◆ Problem to work on ◆
In the records that follow, find the line containing "You can add" and the line containing "8/3=2 целые 2/3, 57/9= 6", then transcribe both and every line between them exactly, omitting pictures.

◆ Data listing ◆
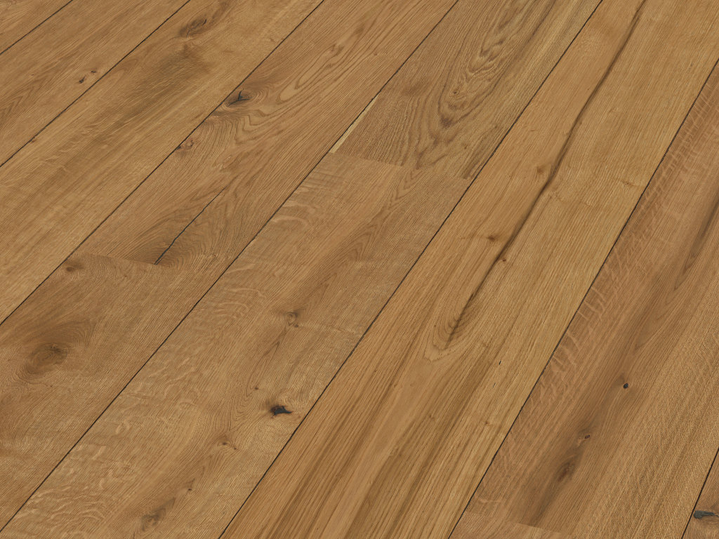 Landhuisdelen hebben met hun éénstrooks-look een natuurlijke en rustieke uitstraling die elke ruimte warm en gezellig laat aanvoelen. De rondom vier zijden aangebrachte V-groef structureert het legbeeld en zorgt voor een harmonieus patroon. Hoogwaardige, natuurlijke oliën voor de oppervlaktebehandeling laten het hout ademen en bieden bescherming. De zachte delen van het oppervlak-hout zijn bij deze plank uitgeborsteld. Zo ontstaat een gestructureerd, karaktervol oppervlak van harder hout.
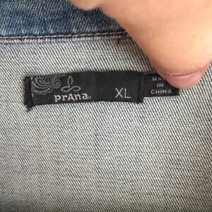 Prana Dree Jacket Blue Stretch Denim Button Front Pockets Long Sleeve Sz XL
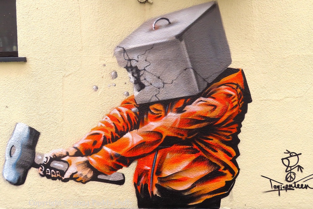 The Starry Plough currently serves as a symbol of the IRSP (web). The painting shown above is on an electrical box in St James’s Park (near the new Connolly centre); the other painting, below, which might still be in progress, is outside the IRSP’s Costello House on the Falls Road
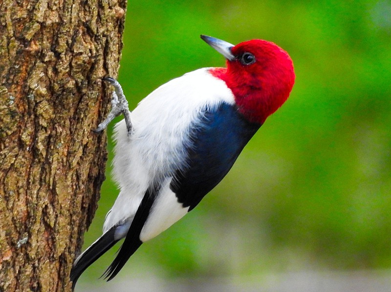 The red-headed woodpecker (Melanerpes erythrocephalus) is a small or medium-sized woodpecker from temperate North America. Their breeding habitat is open country across southern Canada and the eastern-central United States. It is rated as least concern on the International Union for Conservation of Nature (IUCN)'s Red List of Endangered species, having been downlisted from near threatened in 2018.The red-bellied woodpecker also has its most prominent red part of its plumage on the head, but it looks quite different in other respects.
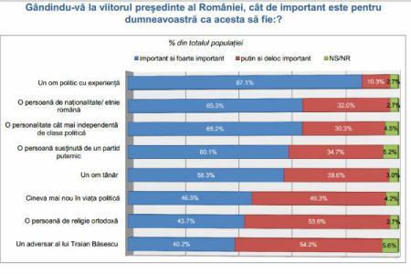 87,1% dintre români vor drept președinte un om politic cu experiență și 65,3% consideră important ca viitorul președinte să fie de naționalitate română. 65,2% ar opta pentru o persoană care să fie cât mai independentă de clasa politică iar 60,1% dintre români cred că e important ca președintele să fie susținut de un partid puternic. 58,3% dintre respondenți ar vrea un președinte tânăr, 46,5% optând pentru cineva mai nou în viața politică. 43,7% consideră că este important ca viitorul președintele să fie de religie ortodoxă și 40,2% cred că e important ca viitorul președinte să fie un adversar al lui Traian Băsescu.
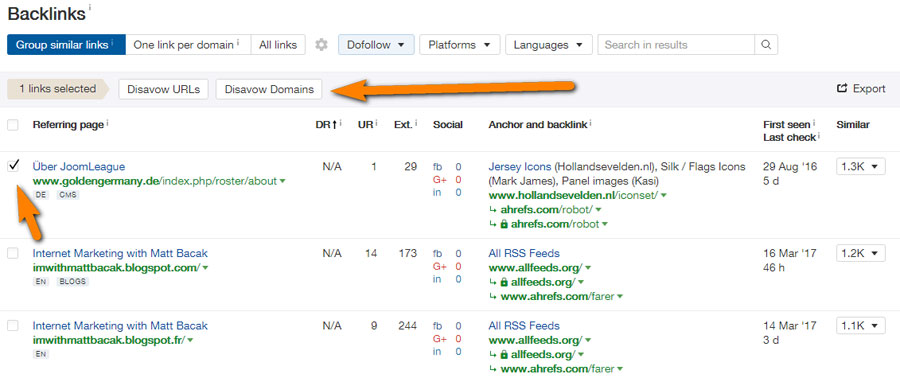 You can add domains or URLs to your disavow list directly from the backlinks report, as you inspect your backlink profile. Then you can easily export your disavow list from Ahrefs and import it into Google Disavow Tool.
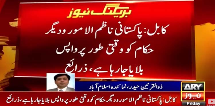 سفارتی ذرائع کا بتانا ہے کہ پاکستان نے افغانستان میں موجود سفارتی عملے کو وقتی طور پر واپس بلانے کا فیصلہ کیا ہے جس کے لیے خصوصی طور طیارہ بھیجا جائے گا۔
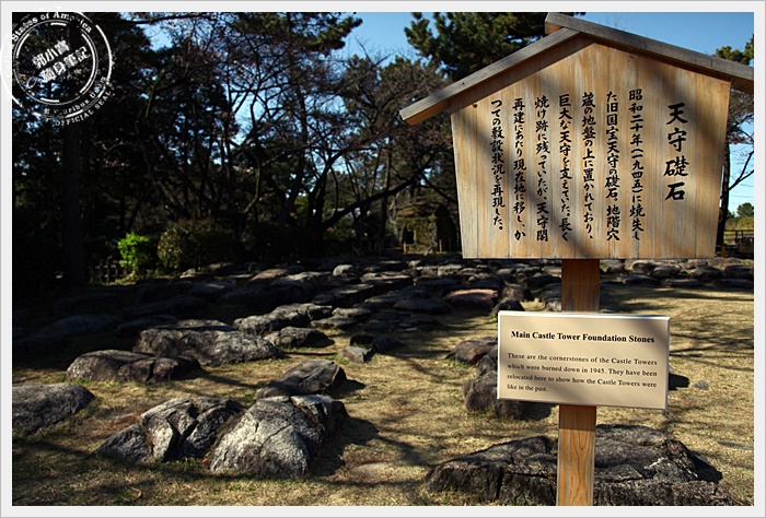 | 天守閣底下的大石也讓人覺得很壯觀,幾百年前這些人到底如何把這重達數噸的大石頭一塊一塊的堆疊上去的。 |
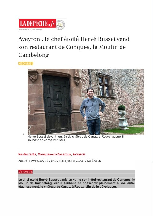Le chef étoilé Hervé Busset vend son restaurant de Conques, le moulin de Cambelong
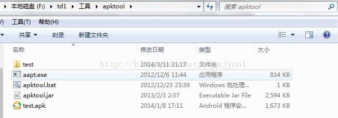 下載上述工具中的apktool,解壓得到3個文件:aapt.exe,apktool.bat,apktool.jar ,將需要反編譯的APK文件放到該目錄下,
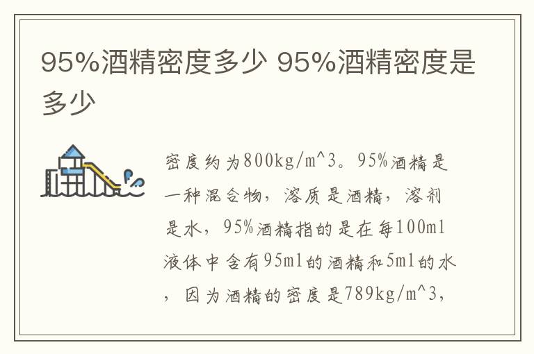 95%酒精是一种混合物,溶质是酒精,溶剂是水,95%酒精指的是在每100ml液体中含有95ml的酒精和5ml的水,因为酒精的密度是789kg/m^3,水的密度是1000kg/m^3,所以95%酒精密度的算法为(789×95+1000×5)÷100≈800kg/m^3。
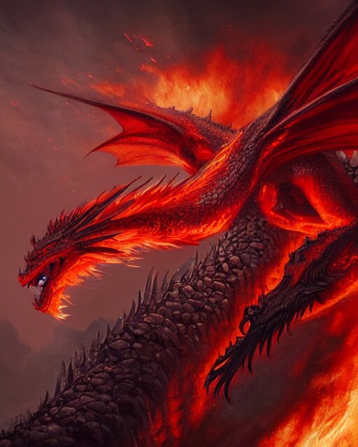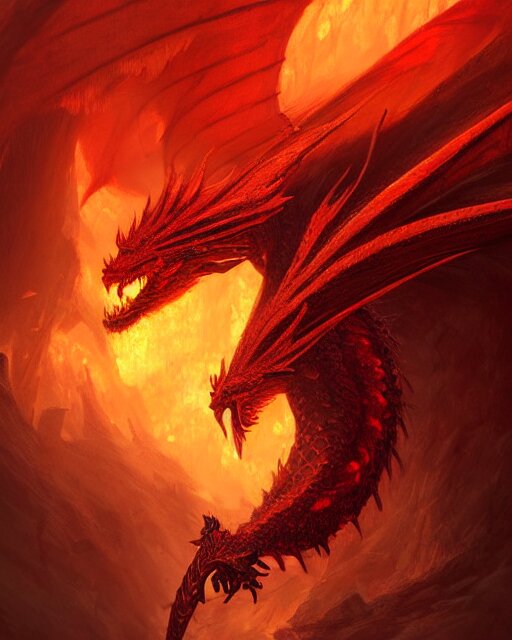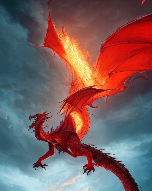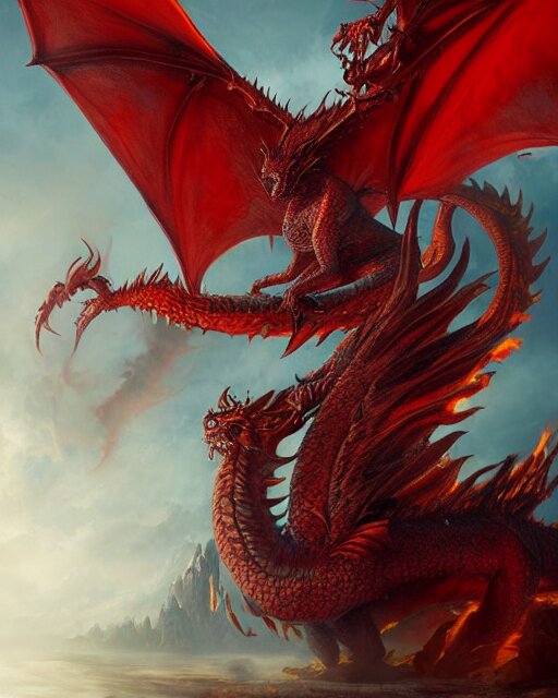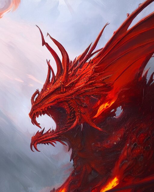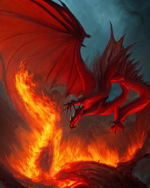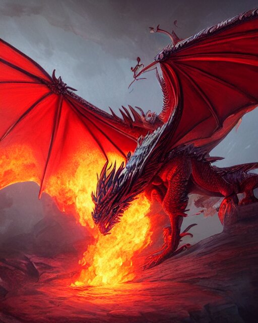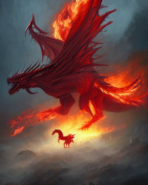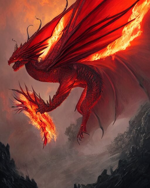 A red dragon, with phoenix wings and tail, breathing out a massive fire, epic, highly detailed, close-up, fantasy art, dragon art, in the style of greg rutkowski, illustration, epic, fantasy, intricate, hyper detailed, artstation, concept art, smooth, sharp focus, ray tracing
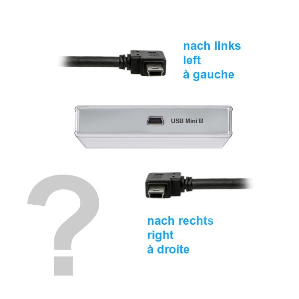 Wir bezeichnen das Kabel als 90° NACH RECHTS gewinkelt. Ob NACH RECHTS bei Ihrem Gerät tatsächlich stimmt, ist aber von der Position des Mini-B-Buchse des USB-Gerätes abhängig. Bitte prüfen Sie daher die Lage des Mini-B-Ports Ihres USB-Gerätes. Die Mini-B-Buchse ist trapezförmig. Zur Verdeutlichung der 90° Winkelrichtung haben wir oben ein Erläuterungsbild.
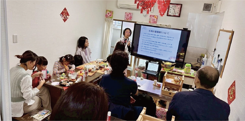 「台湾茶認定」、台湾&日本の「国家製菓資格」や「薬膳認定」などの資格を活かして、さまざまな出張講座を提供しております。台日の食文化、伝統文化などの紹介を通して、多文化共生を学ぶ活動に積極的に携わっています。
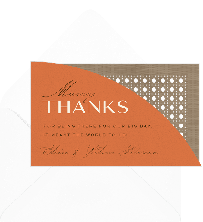 thank you notes modern rattan arch orange wedding Designs
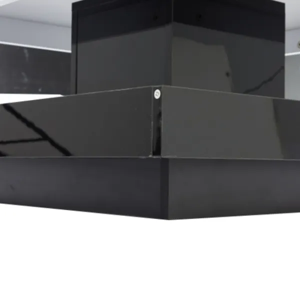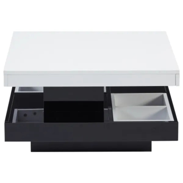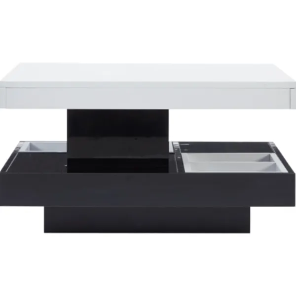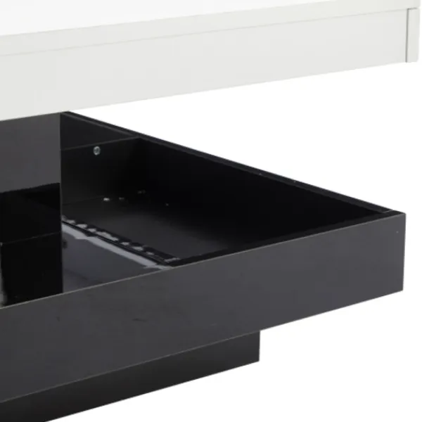 Hela soffbordet är konstruerat av spånskiva med en vit topp och svart bas.
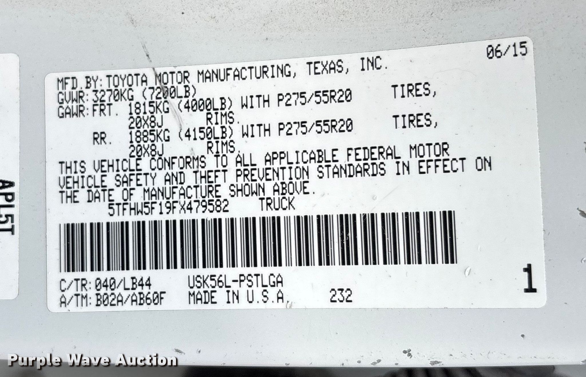 Purple Wave is selling a used 1/2 Ton Pickup or Van in Florida. This item is a 2015 Toyota Tundra Crew Cab pickup truck with the following: Miles: 131,710 on odometer, VIN: 5TFHW5F19FX479582
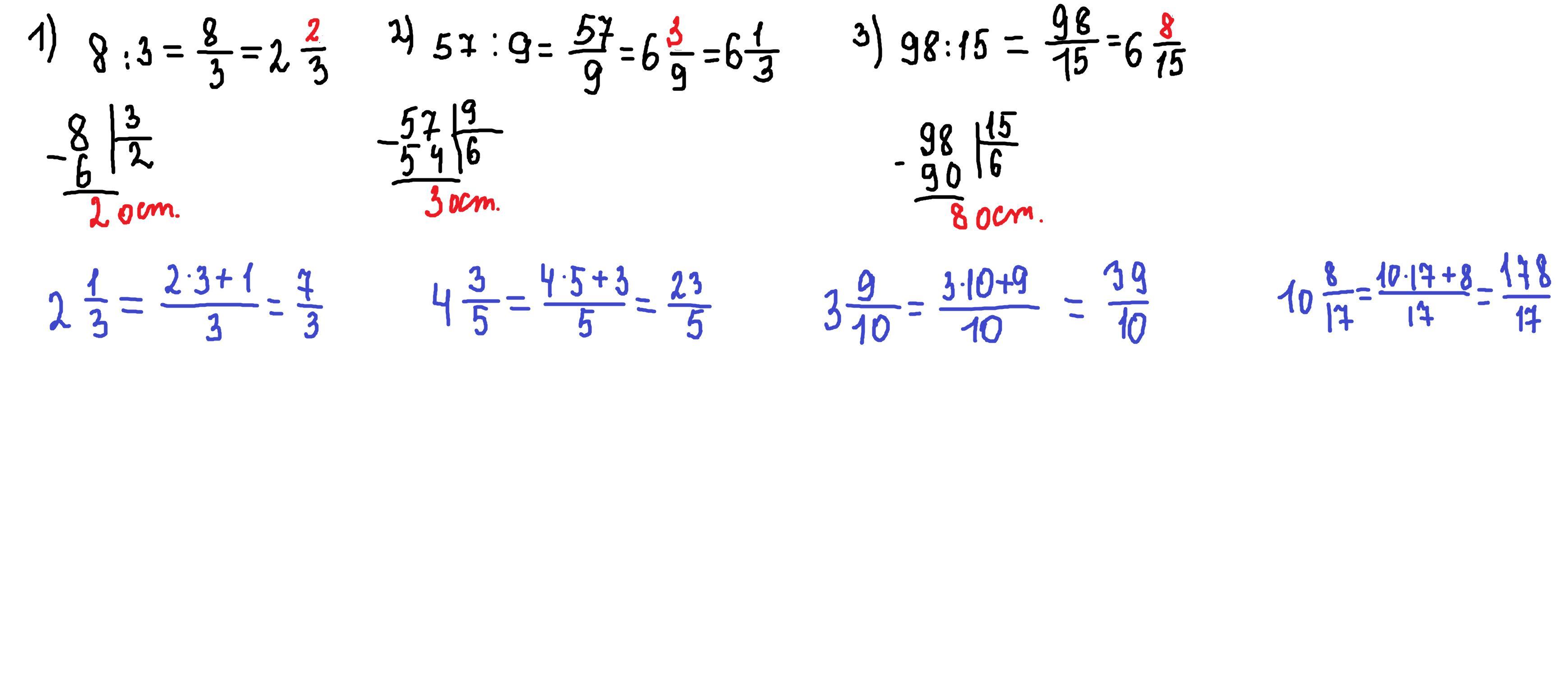 8/3=2 целые 2/3, 57/9= 6 целых 3/9, 98/15=6 целых 8/15
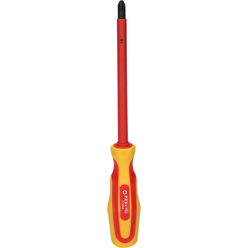 PASSENDE AUSRÜSTUNG: Der gespritzte Griff des VDE-Schraubendrehers für Kreuzschlitz-Schrauben mit der Abtriebsgröße 1 bildet eine feste Einheit mit der Klinge, was das Werkzeug sehr robust macht.
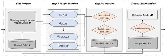To achieve optimal performance, we break down the whole training schedule into three stages: pre-training stage, augmentation fine-tuning stage, and substitution fine-tuning stage. The pre-training stage is equivalent to vanilla MNMT model training. In the augmentation and substitution fine-tuning stage, each training update contains four steps: input, augmentation, selection, and optimization, as illustrated in Figure 3. We utilize POBT and ROBT to generate synthetic augmented sentence pairs at both fine-tuning stages while only using the CLOS method at the substitution fine-tuning stage based on a better model initialization. The synthetic candidates are then selected with the batch-level selection criterion and successively sampled with the global-level selection criterion. Finally, the model M will be optimized on the merged datasets of both real and synthetic sentence pairs. The and are auto-regressively translated while and originate from them with substitution operations. Although the cost of our training schedule is more computationally expensive than vanilla MNMT training with two additional fine-tuning stages, it is comparable to MNMT systems with augmentation methods, such as ROBT, because we implement data augmentation in parallel and the fine-tuning stages cost much lower than the pre-training stage.
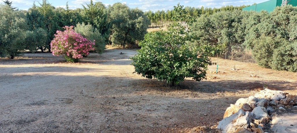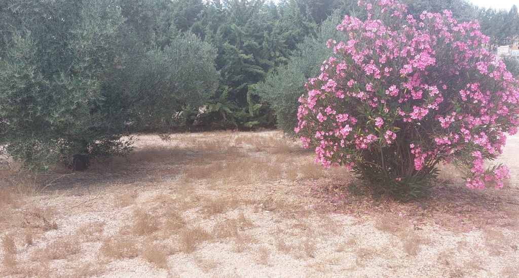 Na een kopje thee en koffie en een klein broodje ging ik verder met het onkruid verwijderen op de open plek. In het voorjaar hebben we daar wat oleanders, valse peperbomen en een olijfboompje geplant en gelukkig doet alles het nog. Mede door de goede zorg van mijn moeder die ze flink water heeft gegeven om ze zo te laten wortelen.

◆ Reply to the exercise ◆
 You can add domains or URLs to your disavow list directly from the backlinks report, as you inspect your backlink profile. Then you can easily export your disavow list from Ahrefs and import it into Google Disavow Tool.
 سفارتی ذرائع کا بتانا ہے کہ پاکستان نے افغانستان میں موجود سفارتی عملے کو وقتی طور پر واپس بلانے کا فیصلہ کیا ہے جس کے لیے خصوصی طور طیارہ بھیجا جائے گا۔
 | 天守閣底下的大石也讓人覺得很壯觀,幾百年前這些人到底如何把這重達數噸的大石頭一塊一塊的堆疊上去的。 |
Le chef étoilé Hervé Busset vend son restaurant de Conques, le moulin de Cambelong
 下載上述工具中的apktool,解壓得到3個文件:aapt.exe,apktool.bat,apktool.jar ,將需要反編譯的APK文件放到該目錄下,
 95%酒精是一种混合物,溶质是酒精,溶剂是水,95%酒精指的是在每100ml液体中含有95ml的酒精和5ml的水,因为酒精的密度是789kg/m^3,水的密度是1000kg/m^3,所以95%酒精密度的算法为(789×95+1000×5)÷100≈800kg/m^3。
 A red dragon, with phoenix wings and tail, breathing out a massive fire, epic, highly detailed, close-up, fantasy art, dragon art, in the style of greg rutkowski, illustration, epic, fantasy, intricate, hyper detailed, artstation, concept art, smooth, sharp focus, ray tracing
 Wir bezeichnen das Kabel als 90° NACH RECHTS gewinkelt. Ob NACH RECHTS bei Ihrem Gerät tatsächlich stimmt, ist aber von der Position des Mini-B-Buchse des USB-Gerätes abhängig. Bitte prüfen Sie daher die Lage des Mini-B-Ports Ihres USB-Gerätes. Die Mini-B-Buchse ist trapezförmig. Zur Verdeutlichung der 90° Winkelrichtung haben wir oben ein Erläuterungsbild.
 「台湾茶認定」、台湾&日本の「国家製菓資格」や「薬膳認定」などの資格を活かして、さまざまな出張講座を提供しております。台日の食文化、伝統文化などの紹介を通して、多文化共生を学ぶ活動に積極的に携わっています。
 thank you notes modern rattan arch orange wedding Designs
 Hela soffbordet är konstruerat av spånskiva med en vit topp och svart bas.
 Purple Wave is selling a used 1/2 Ton Pickup or Van in Florida. This item is a 2015 Toyota Tundra Crew Cab pickup truck with the following: Miles: 131,710 on odometer, VIN: 5TFHW5F19FX479582
 8/3=2 целые 2/3, 57/9= 6 целых 3/9, 98/15=6 целых 8/15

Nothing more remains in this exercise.